Baking soda | Liquid soap | Plastic syringes (10 mL or larger) | Leaves (spinach or ivy) | Hole punch or Straws | Cups or beakers | Timer | Light source

### Procedure

1. Collect leaf disks by punching holes in the dark green portion of a leaf (try to get them between the veins). You will a total of 20 disks.
2. Make a solution of sodium bicarbonate by mixing 300 mL of water to 3g of baking soda.
3. Make a diluted solution of liquid detergent (2 drops of soap to 100 mL of water).
4. Add one drop of this dilute soap solution to our bicarbonate solution – do not generate suds.
5. Place 10 leaf disks into the syringe and pull in a small volume of the bicarbonate and soap solution. Replace the plunger and push out most of the air, but do not crush your leaves.
6. Create a vacuum by covering the tip of the syringe with your finger. Draw back the plunger.
7. Release the vacuum so that the solution will enter the disks. It may take a few times to get the disks to sink.
8. Once they have sank, you can put them back into the sodium bicarbonate solution and expose the disks to light.
9. Repeat steps 5-7 with another set of 10 disks. Place this set into a control beaker that contains only water and expose to light.
10. Record the number of disks floating at the end of each minute, swirl the disks to dislodge any that may get stuck to the beaker or to each other. The experiment should continue until all the disks are floating.
11. Repeat steps 1-10 to record data on disks that are not exposed to light.

Data Table

 Time (min) Light/Baking Soda Light / No baking soda No light/ Baking Soda No light / Baking soda 1 2 3 4 5 6 7 8 9 10 11 12 13 14 15

### Analysis

Analysis: To make comparisons between experiments, a standard point of reference is needed. Repeated testing of this procedure has shown that the point at which 50% of the disks are floating (ET50) is a reliable and repeatable point of reference.

Graph your data for the experiment. X-axis is Time (min) and Y-axis is # floating disks.
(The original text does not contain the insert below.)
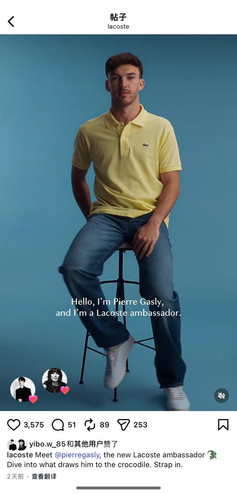 王一博点赞LACOSTE 官宣新品牌大使 Pierre Gasly 的贴子。加斯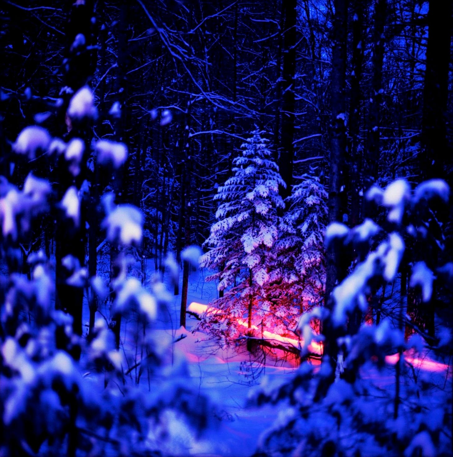 After that piece, I was looking for features in the landscape that I could work off of. I saw a tree that had fallen down, and loved the composition when looking at it through some pines atop a small hill. I photographed it shortly after a nor’easter had hit, leaving plenty of snow for the light to bounce around on. The Kelvin temperature of the scene was overwhelmingly blue, so it created an image (Pipeline (Blue)) that was more about atmospheric conditions than me manipulating anything with light. Shortly after that, the weather jumped from 15 below zero to more than 45 degrees, and everything melted. It was during the thaw that I made Pipeline (Red). It was a hard install because while there was snow on the ground when I started working, I didn’t want to make treads through it. So I had to sneak around the piece to not leave footprints that would be visible within the frame of the shot. It was such a different snow than what I had worked with just days prior.

Be sure to include a key for each sample set. There should be four lines on your graph. Determine the ET50 for each set of leaf disks.

Conclusion:

What is the relationship between the variables aand photosynthesis rate? This is your CLAIM.

What evidence supports those claims (summarize data)?

Provide reasoning that linke the evidence and the claim and explains why this relationship exists. A discussion of photosynthesis is appropropriate in this section.